I'm trying to prove by comparison the convergence of generalized harmonic series, of the form $$\sum_{n=1}^{\infty} \frac{1}{n^{a+1}}$$ where $a>0$. I proved this for $a=1$, showing that $$\sum_{k=1}^{n} \frac{1}{k^2}<1+\sum_{k=2}^{n} \frac{1}{k(k-1)}$$ but I'm not succeeding in generalize this for any $a>0. $
Is it possible to prove it along the way of the first?

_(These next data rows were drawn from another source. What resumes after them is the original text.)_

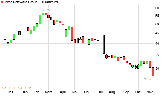 Mit dem Rücksetzer auf 27,78 EUR hat die Vitec Software Group B Ord Shs-Aktie (ISIN SE0007871363) am 07.11.2025 ein neues 3-Jahres-Tief erreicht und damit den Kurs vom 06.11.2025 eingestellt.Der Abstand ...weiterlesen
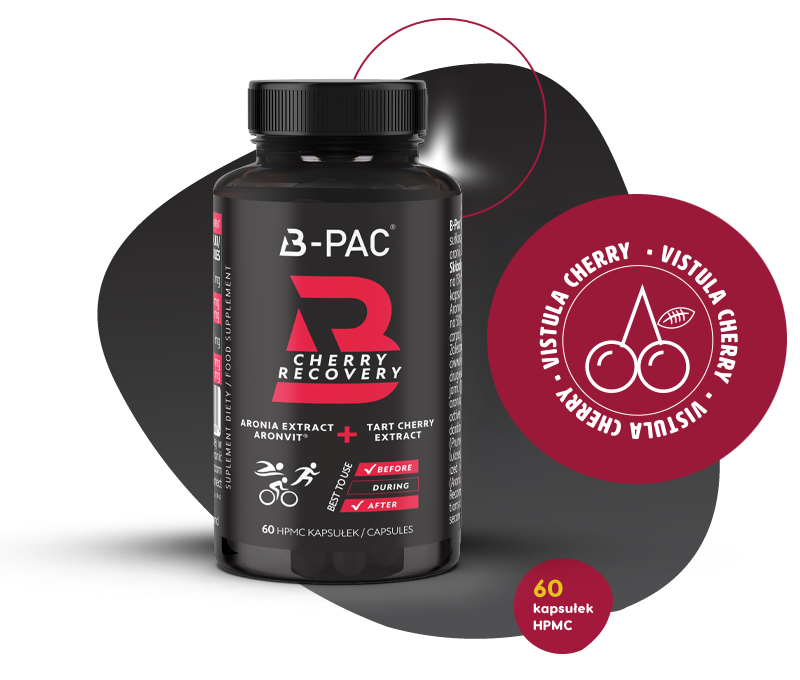 B-PAC® Cherry Recovery to suplement diety będący źródłem polifenoli i antocyjanów, przeznaczony dla sportowców i osób aktywnych fizycznie. Zawiera podwójnie standaryzowane ekstrakty z owoców cierpkiej wiśni i aronii.
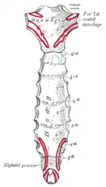 The xiphoid process attaches to the sternum via the xiphisternal joint. It is the smallest part of the sternum and can vary in shape and size depending on the individual. Because it is so small, it is fragile and can easily be broke during chest compressions if they are not done correctly. In most people, the xiphoid process remains cartilaginous until the middle ages. It serves as a point of insertion for abdominal muscles and ligaments.
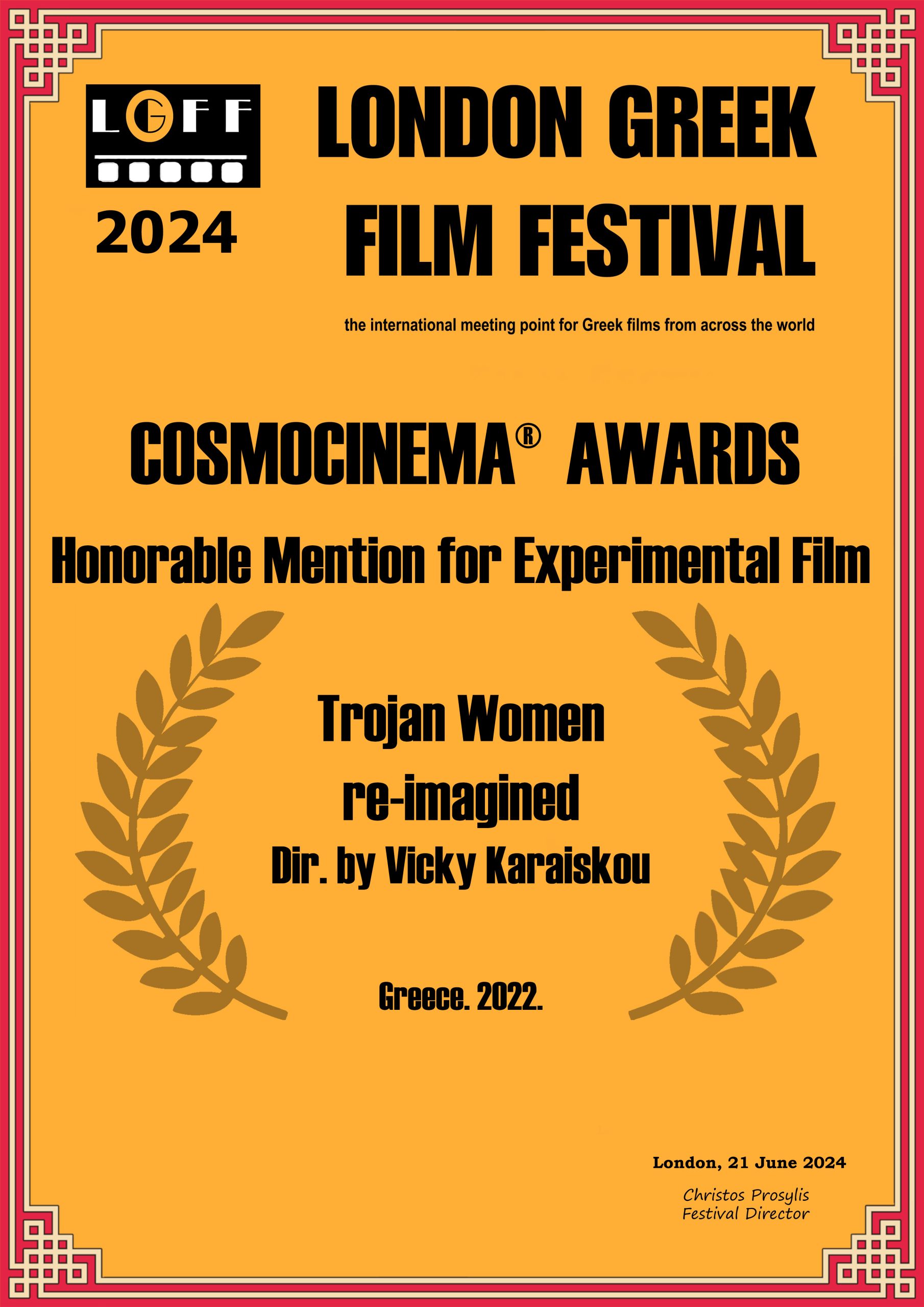 Honorable Mention for Experimental Film, Cosmocinema Awards, by the 2024 London Greek Film Festival (June 2024).
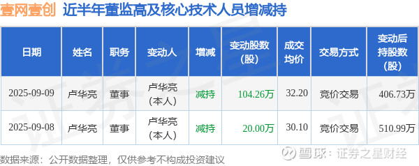 证券之星消息,根据9月10日市场公开信息、上市公司公告及交易所披露数据整理,壹网壹创(300792)最新董监高及相关人员股份变动情况:2025年9月9日公司董事卢华亮共减持公司股份104.26万股,占公司总股本为0.44%。变动期间公司股价上涨8.56%,9月9日当日收盘报32.73元。
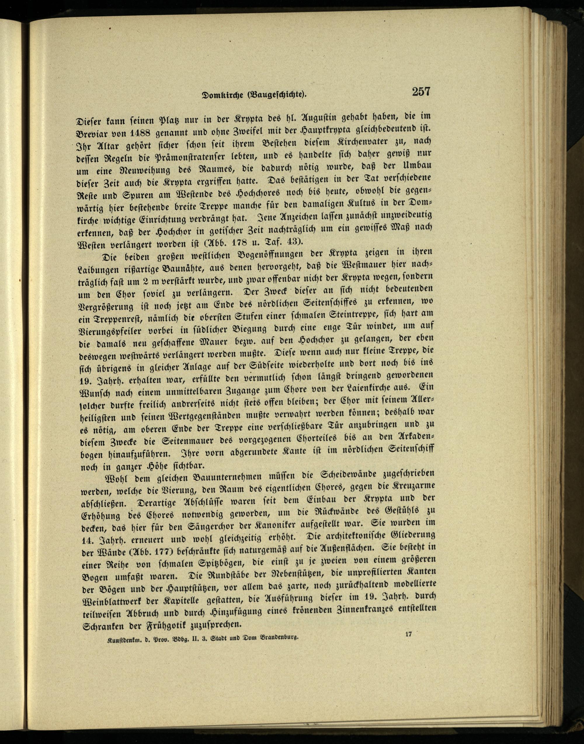 Dieſer kann feinen Platz nur in der Krypta des hl. Auguſtin gehabt haben, die im Breviar von 1488 genannt und ohne Zweifel mit der Hauptkrypta gleichbedeutend iſt. Ihr Altar gehört ſicher ſchon ſeit ihrem Beſtehen dieſem Kirchenvater zu, nach deſſen Regeln die Prämonſtratenſer lebten, und es handelte ſich daher gewiß nur um eine Neuweihung des Raumes, die dadurch nötig wurde, daß der Umbau dieſer Zeit auch die Krypta ergriffen hatte. Das beſtätigen in der Tat verſchiedene Reſte und Spuren am Weſtende des Hochchores noch bis heute, obwohl die gegenwärtig hier beſtehende breite Treppe manche für den damaligen Kultus in der Domkirche wichtige Einrichtung verdrängt hat. Jene Anzeichen laſſen zunächſt unzweideutig erkennen, daß der Hochchor in gotiſcher Zeit nachträglich um ein gewiſſes Maß nach Welten verlängert worden iſt(Abb. 178 u. Taf. 43).
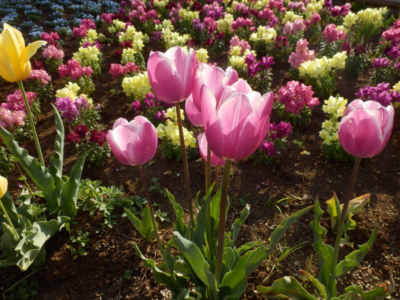 -- チューリップは最終盤、青はネモフィラ。15:59
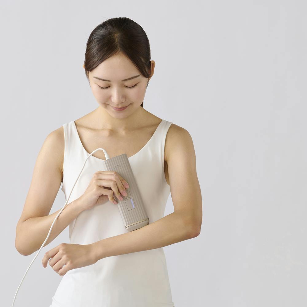 初めてのムダ毛ケアの方にも優しい機能を備えた光美容器です。肌への負担が少ないIPL方式。冷却機能付き。肌をしっかり冷却し、照射による肌への負担や刺激を軽減します。冷却ジェルが不要なので、手軽にムダ毛ケアができます。9段階の照射レベルで、自分のお肌に合わせて照射パワーを細かく調整できるから、部位に合ったムダ毛ケアができます。安全センサー付き。肌を守る肌色センサーで、感知した肌に応じた照射レベル以上では、照射できないので安心です。

For $a>1$ you have $$n^{a+1}\ge n^2$$
Thus $$\frac {1}{n^{1+a}} \le\frac {1}{n^2}$$
By comparison we have $$\sum _1^\infty \frac {1}{n^{1+a}}\le \sum _1^\infty \frac {1}{n^2} =\pi^2/6$$
For $a>0$ the integral test will do.
With the Cauchy condensation test:
$\sum_{n=1}^{\infty} \frac{1}{n^{a+1}}$ is convergent $ \iff \sum_{n=1}^{\infty} 2^n\frac{1}{(2^n)^{a+1}}$ is convergent.
Can you proceed ?
This is along the same lines as your approach using $\frac1{(k-1)k}=\frac1{k-1}-\frac1k$.
Preliminary Inequality
For $0\le a\le1$, we have
$$
\begin{align}
\frac1{(k-1)^a}-\frac1{k^a}
&=\frac{k^a-(k-1)^a}{((k-1)k)^a}\tag{1a}\\
&=\frac{1-\left(1-\frac1k\right)^a}{(k-1)^a}\tag{1b}\\
&\ge\frac{\frac{a}k}{(k-1)^a}\tag{1c}\\[3pt]

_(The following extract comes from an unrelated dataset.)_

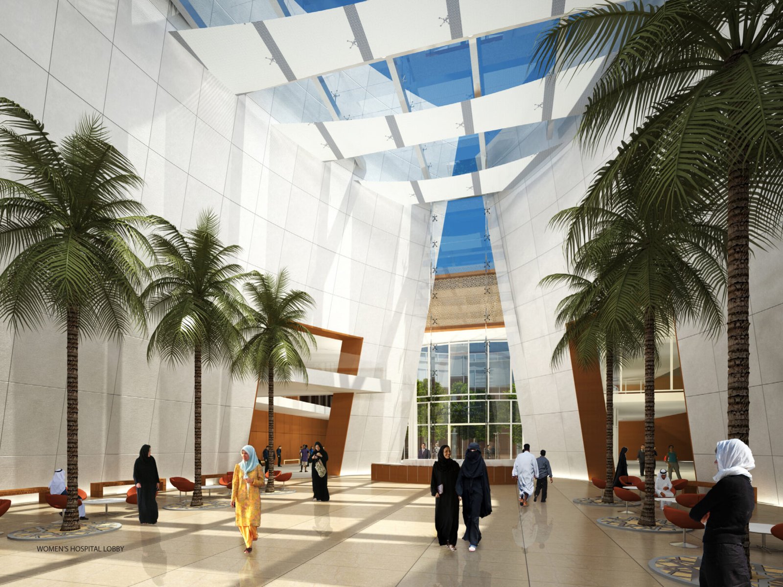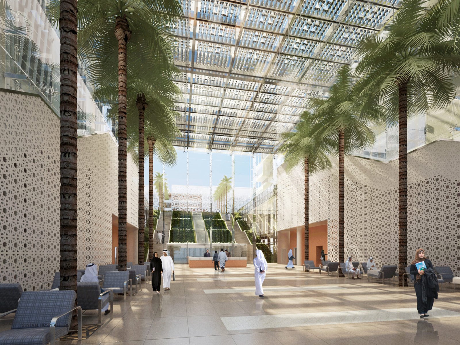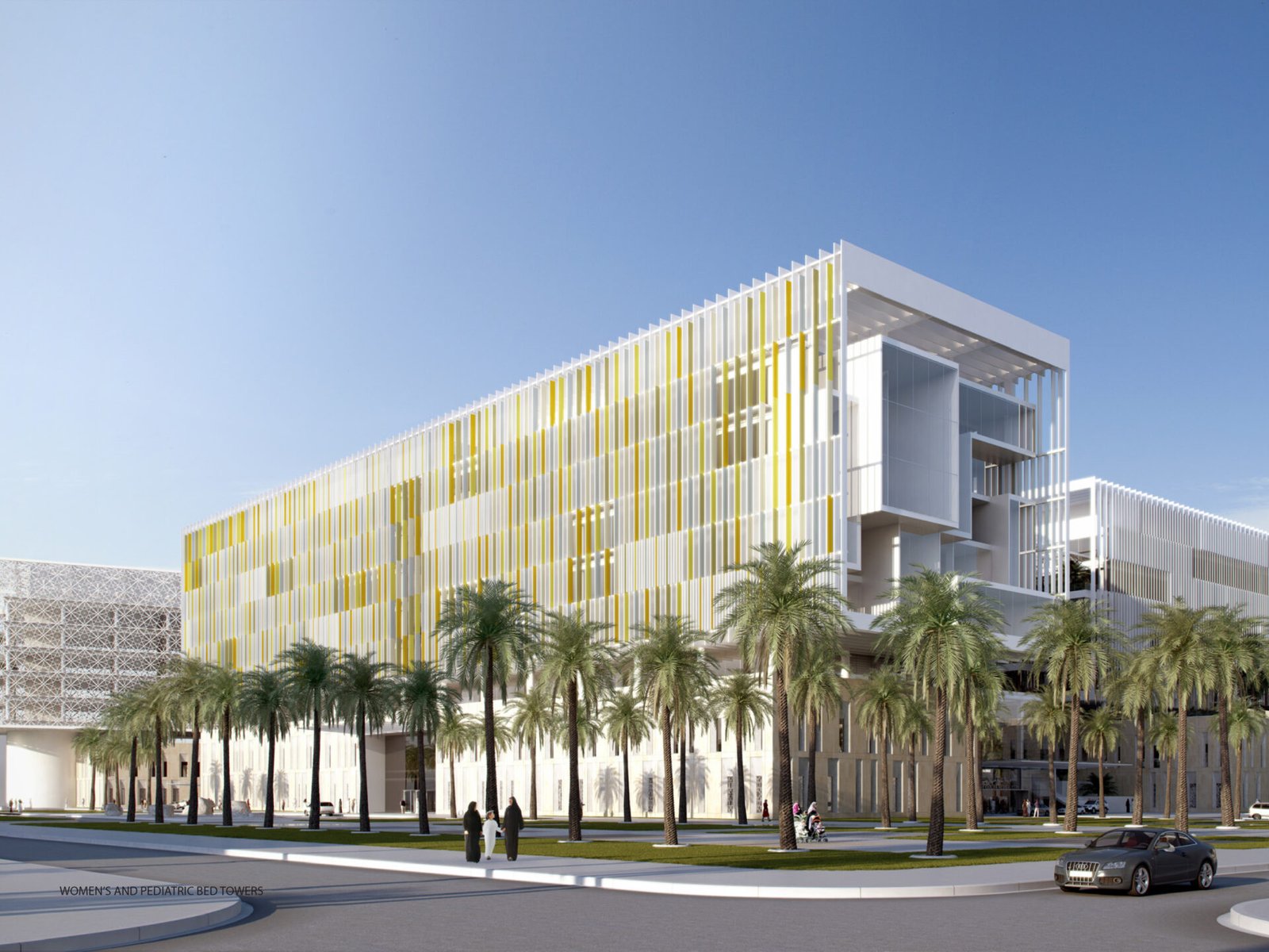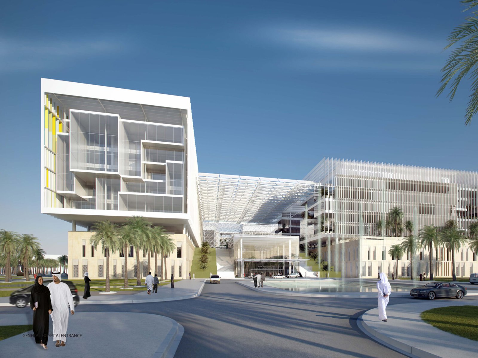 The architecture combines a modernist aesthetic with regional design influences. The building’s footprint consists of geometric glass volumes atop a stone-clad, two-story base. The lower podium level houses critical medical services—including emergency, surgical, and radiology departments—along with amenities like shops and prayer rooms. Patient rooms are located on the upper levels. The overall design emphasizes a feeling of serenity through the incorporation of natural light, materials, and landscaped gardens.

&\ge\frac{a}{k^{1+a}}\tag{1d}
\end{align}
$$
Explanation:
$\text{(1a):}$ combine fractions
$\text{(1b):}$ divide numerator and denominator by $k^a$
$\text{(1c):}$ Bernoulli's Inequality
$\text{(1d):}$ $k\gt k-1$
Thus, $$ \frac1{k^{1+a}}\le\frac1a\left(\frac1{(k-1)^a}-\frac1{k^a}\right)\tag2 $$
Application of the Inequality
$$
\begin{align}
\sum_{k=1}^\infty\frac1{k^{1+a}}
&=1+\sum_{k=2}^\infty\frac1{k^{1+a}}\tag{3a}\\
&\le1+\frac1a\sum_{k=2}^\infty\left(\frac1{(k-1)^a}-\frac1{k^a}\right)\tag{3b}\\[2pt]
&=1+\frac1a\tag{3c}
\end{align}
$$
Explanation:
$\text{(3a):}$ pull out the $k=1$ term
$\text{(3b):}$ apply $(2)$
$\text{(3c):}$ Telescoping Series
Thus, the series converges for $a\gt0$.
Taking It To The Limit
In this answer it is shown that $\lim\limits_{a\to0}\left(\zeta(1+a)-\frac1a\right)=\gamma$, the Euler-Mascheroni Constant. This implies that $$ \lim_{a\to0}\left(1+\frac1a-\sum_{k=1}^\infty\frac1{k^{1+a}}\right)=1-\gamma\tag4 $$